Die PC-Branche hat zum Jahresauftakt nach Berechnungen der Marktforscher von Gartner infolge der Coronakrise den grössten Einbruch seit 2013 verbucht. Nach vorläufigen Ergebnissen von Gartner sank der weltweite PC-Absatz im ersten Quartal 2020 im Jahresvergleich um 12,3% auf 51,6 Millionen Einheiten.
Laut dem Gartner-Konkurrenten IDC schrumpfte der Absatz um 9,8% auf 53,2 Millionen Einheiten. Die beiden Marktforschungs-Unternehmen definieren den PC-Markt etwas unterschiedlich. Insbesondere zählt IDC auch Chromebooks und Workstations, während Gartner diese ausklammert.
Beide Marktforscher sehen den Produktionsstopp in China als Ursache für den Rückgang.
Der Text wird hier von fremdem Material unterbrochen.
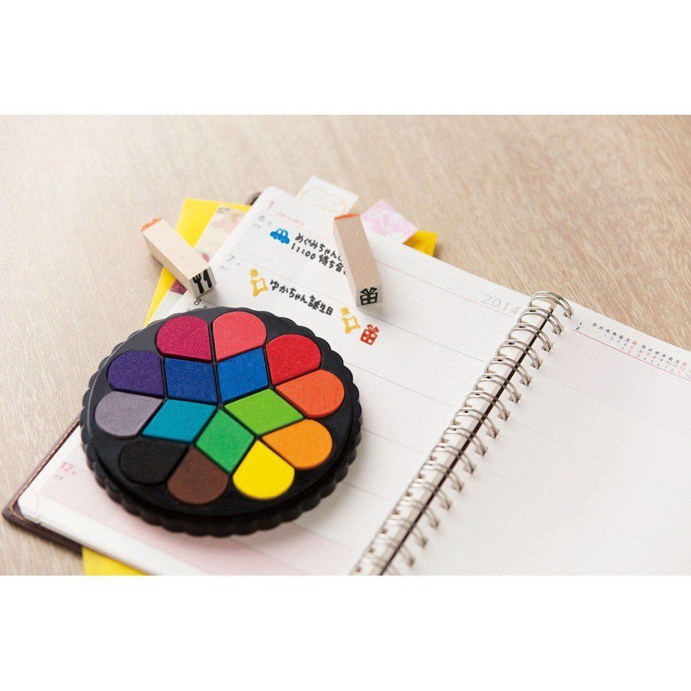 シヤチハタの「イロドリパッド」は、彩り鮮やかな基本色をひとつにまとめているから、1つでたくさんの色を揃えることができてお得です。
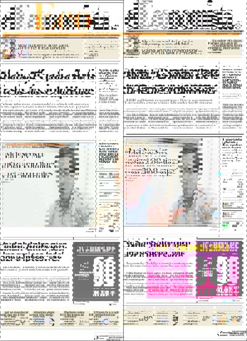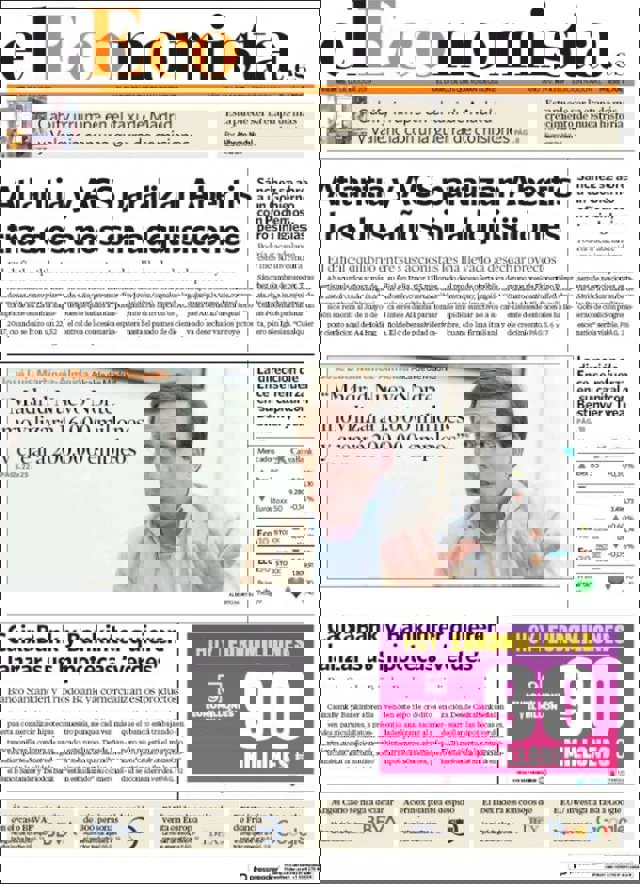 Las primeras ediciones de los periódicos de información económica españoles incluyen, entre otras, las siguientes noticias en sus portadas:
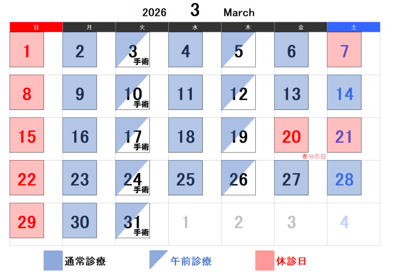 ※急遽、会議等で院長が不在となる場合もございますので、ご了承ください。
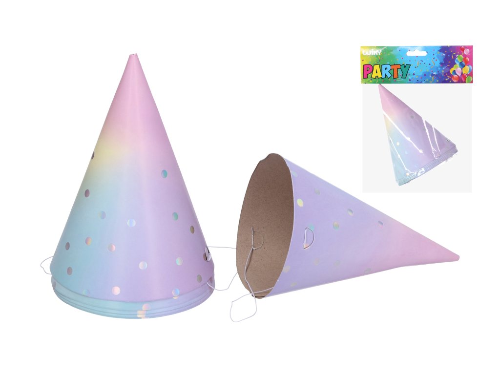 Papierové párty klobúčiky PASTEL o veľkosti 15 cm. Balenie obsahuje 6 ks.Dodatočné parametre
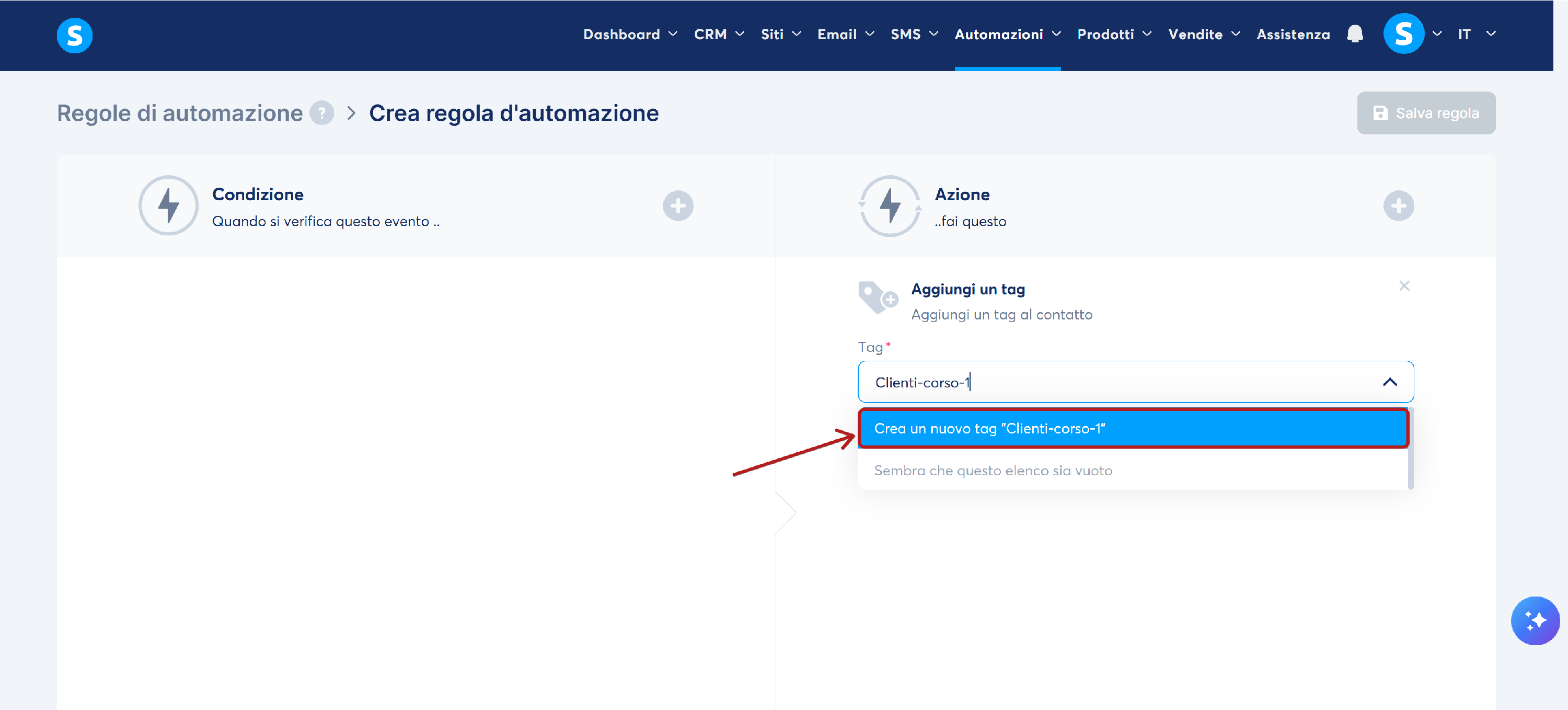 Puoi anche creare un nuovo tag direttamente all’interno delle regole di automazione. Ti basta inserire il nome del tag che vuoi creare e utilizzare nella regola di automazione, e verrà creato automaticamente.

Dieser habe bisher verhindert, dass die Hersteller der eigentlich vielerorts plötzlich gestiegenen Nachfrage nach Ausrüstung für Unterricht und Arbeit von Zuhause komplett nachkommen konnten.
Marktführer blieb gemäss Gartner Lenovo mit einem Marktanteil von 24,4% und 12,6 Millionen verkauften Geräten. Dahinter folgen HP mit einem Marktanteil von 21,5% und Dell mit 19,7%. Dahinter folgen Apple mit 6,9%, Acer mit 5,6% und Asus mit 5% Marktanteil. Laut IDC liegt dagegen Acer knapp vor Apple auf Rang vier.